Чувствуя себя в безопасности на маньчжурской территории, эти господа выпускали свои грозные манифесты. Тут, в Маньчжурии, зарождались заговоры против Совета. После поражения Каледина контрреволюционеры, подкармливаемые иностранным капиталом, возложили свои надежды на казачьего атамана Семенова. Под его командованием были организованы полки бандитов — хунхузов, японских наемников и собранных со всех портов китайского побережья монархистов.
Семенов объявил, что собирается железной рукой образумить большевиков и вбить им в голову правила приличия и здравомыслие. Он возвестил, что ближайшая его цель — Урал, расположенный за 7 тысяч километров, потом он захватит московскую равнину, а там уж и Петроград распахнет ворота и вся страна встретит его с распростертыми объятиями.
Подняв знамена под громкие рукоплескания буржуазии, он дважды вторгался в пределы Сибири и дважды с позором убирался восвояси. Народ действительно вышел встречать его, но только не с цветами, а с ружьями, топорами и вилами.
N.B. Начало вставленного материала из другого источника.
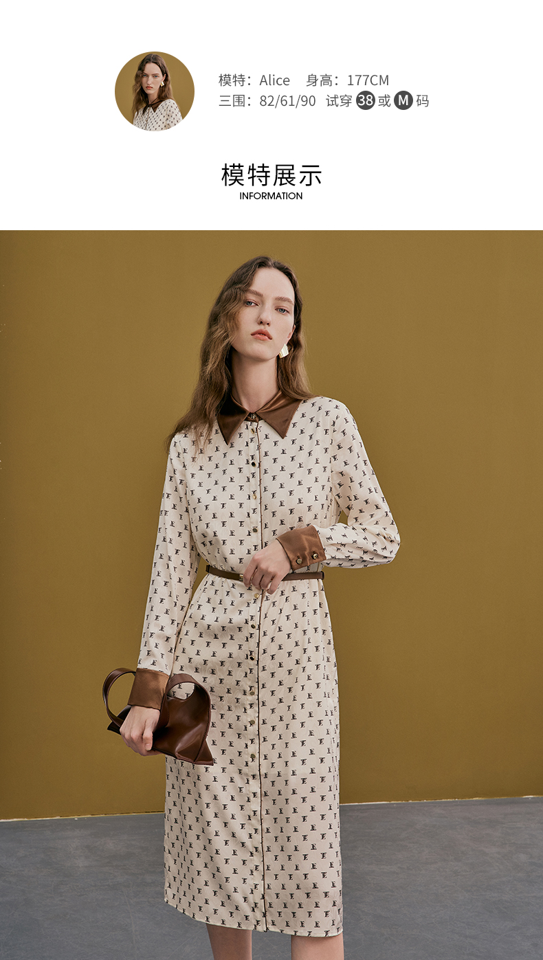 EITIE爱特爱春季新款气质优雅高腰显瘦连衣裙7307019

Владивостокские рабочие тоже принимали участие в разгроме Семенова. Через пять недель они вернулись — загорелые, в изорванной одежде, со стертыми ногами, но зато с победой. Рабочий класс с ликованием встречал своих братьев-пролетариев, возвращавшихся с поля брани. Им дарили цветы, произносили речи, а потом вместе с ними прошли по городу триумфальным маршем. И если победа вызвала у них ликование, то буржуазия и союзники, наблюдавшие это зрелище, испытывали нечто противоположное. Не приходилось сомневаться, что Совет усиливается и в военном отношении.
СОВЕТ ПРОСВЕЩАЕТ НАРОД
Созидательная сила революции проявлялась и в области культуры: Совет основал народный университет, три рабочих театра и две ежедневные газеты. Газета «Крестьянин и рабочий» была официальным органом Совета. В ней имелся английский раздел, редактировавшийся Джеромом Лифшицем, молодым американцем русского происхождения. В «Красном знамени», органе Коммунистической партии, помещались пространные теоретические статьи. Ни та, ни другая газета не принадлежала к числу шедевров журналистики, но вместе с тем обе они являлись рупором ранее безгласных масс, потянувшихся теперь к духовной культуре.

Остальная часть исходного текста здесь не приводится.